Let's now use the model to run object detection on our sample image.

In [None]:
session = InferenceSession('model.onnx')
raw_result = session.run(
    [], {'images': converted_image}
)[0]
raw_result

In [None]:
def postprocess(
        prediction,
        class_labels,
        conf_thres=0.2,
        iou_thres=0.6,
        max_det=300,
        nm=0,
):
    prediction = torch.Tensor(prediction)
    bs = prediction.shape[0]
    nc = prediction.shape[2] - nm - 5
    xc = prediction[..., 4] > conf_thres

    max_wh = 7680
    max_nms = 30000

    mi = 5 + nc
    output = [torch.zeros((0, 6 + nm), device=prediction.device)] * bs

    results = []

    for xi, x in enumerate(prediction):
        x = x[xc[xi]]

        if not x.shape[0]:
            continue

        x[:, 5:] *= x[:, 4:5]
        box = _xywh2xyxy(x[:, :4])
        mask = x[:, mi:]
        conf, j = x[:, 5:mi].max(1, keepdim=True)
        x = torch.cat((box, conf, j.float(), mask), 1)[
            conf.view(-1) > conf_thres
        ]

        n = x.shape[0]
        if not n:
            continue
        elif n > max_nms:
            x = x[x[:, 4].argsort(descending=True)[:max_nms]]
        else:
            x = x[x[:, 4].argsort(descending=True)]

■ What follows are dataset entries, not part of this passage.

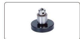
cylinder holder (included)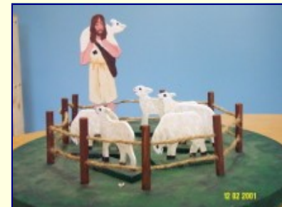
Parable of the Good Shepherd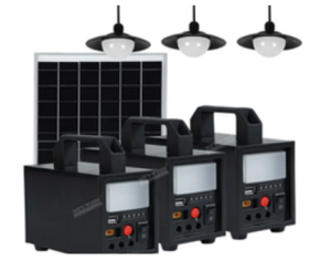
NEW PRODUCT SOLAR ENERGY POWERED 20W 40W 60W SOLAR SYSTEM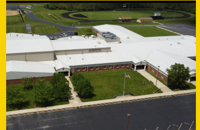
Georgetown Jr/ High School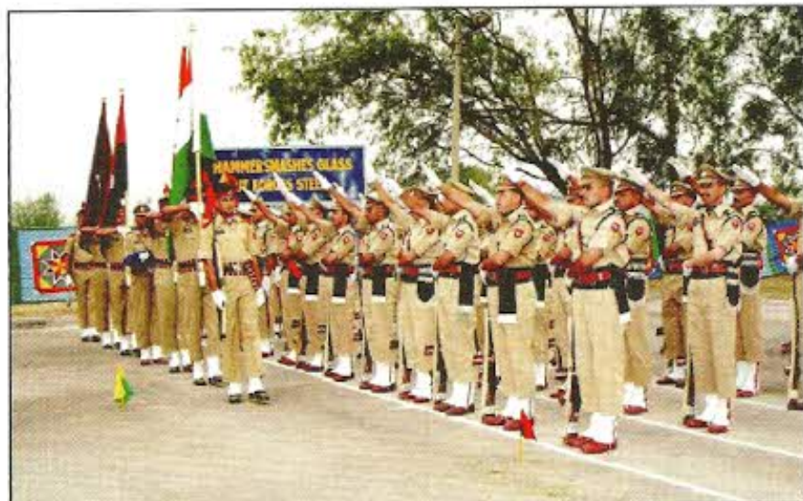
A view of oath taking ceremony of the Probationary DySsP/Inspector/SIs during their Passing out Parade in SKPA Udhampur on June 05, 2009

        c = x[:, 5:6] * max_wh
        boxes = x[:, :4] + c
        scores = x[:, 4]
        i = torchvision.ops.nms(boxes, scores, iou_thres)
        if i.shape[0] > max_det:
            i = i[:max_det]

        output[xi] = x[i]

        final_boxes = np.array(output[xi][..., :4])
        final_boxes = final_boxes.round().astype(np.int32).tolist()
        cls_id = np.array(output[xi][..., 5], dtype=int)
        scores = np.array(output[xi][..., 4])
        names = [class_labels[id_] for id_ in cls_id]

        results.append([final_boxes, scores, names])

    return results


def _xywh2xyxy(x):
    y = torch.zeros_like(x) if isinstance(x, torch.Tensor) else np.zeros_like(x)
    y[:, 0] = x[:, 0] - x[:, 2] / 2
    y[:, 1] = x[:, 1] - x[:, 3] / 2
    y[:, 2] = x[:, 0] + x[:, 2] / 2
    y[:, 3] = x[:, 1] + x[:, 3] / 2
    return y


def _box_iou(box1, box2, eps=1e-7):
    (a1, a2), (b1, b2) = (
        box1.unsqueeze(1).chunk(2, 2),
        box2.unsqueeze(0).chunk(2, 2)
    )
    inter = (torch.min(a2, b2) - torch.max(a1, b1)).clamp(0).prod(2)
    return inter / ((a2 - a1).prod(2) + (b2 - b1).prod(2) - inter + eps)

In [None]:
result = postprocess(raw_result, class_labels)
result

The model has returned arrays, each of which holds information about the detected objects. The information includes identifiers for the types of objects, coordinates locating the objects within the image, and detection scores, corresponding to how certain the model is about its prediction.

We can use a few functions to help us to superimpose the information in this dictionary onto the original image.

In [None]:
def draw_boxes(image_path, boxes, scores, labels, scaling, padding, class_labels):
    image = cv2.imread(image_path)  # Read image
    colors = {
        name: [
            random.randint(0, 255) for _ in range(3)
        ] for i, name in enumerate(class_labels)
    }
    for i, (x0, y0, x1, y1) in enumerate(boxes):
        box = np.array([x0, y0, x1, y1]).astype('float64')
        box -= np.array(padding*2)
        box /= scaling
        box = box.round().astype(np.int32).tolist()
        score = round(float(scores[i]), 3)
        name = labels[i]
        color = colors[name]
        name += ' '+str(score)
        cv2.rectangle(image, box[:2], box[2:], color, 2)
        cv2.putText(
            image,
            name,
            (box[0], box[1] - 2),
            cv2.FONT_HERSHEY_SIMPLEX,
            0.75,
            [0, 255, 0],
            thickness=2
        )
    img = cv2.cvtColor(image, cv2.COLOR_BGR2RGB)
    fig = plt.gcf()
    fig.set_size_inches(24, 12)
    plt.axis('off')
    plt.imshow(img)

In [None]:
boxes = result[0][0]
scores = result[0][1]
labels = result[0][2]

In [None]:
draw_boxes(sample_image, boxes, scores, labels, scale_factor, padding, class_labels)

Fantastic! So you've seen how we can use a pre-trained model to identify objects in images. In the next notebooks, we will deploy this model using RHOAI Model Serving, which allows us to use it as part of a larger application.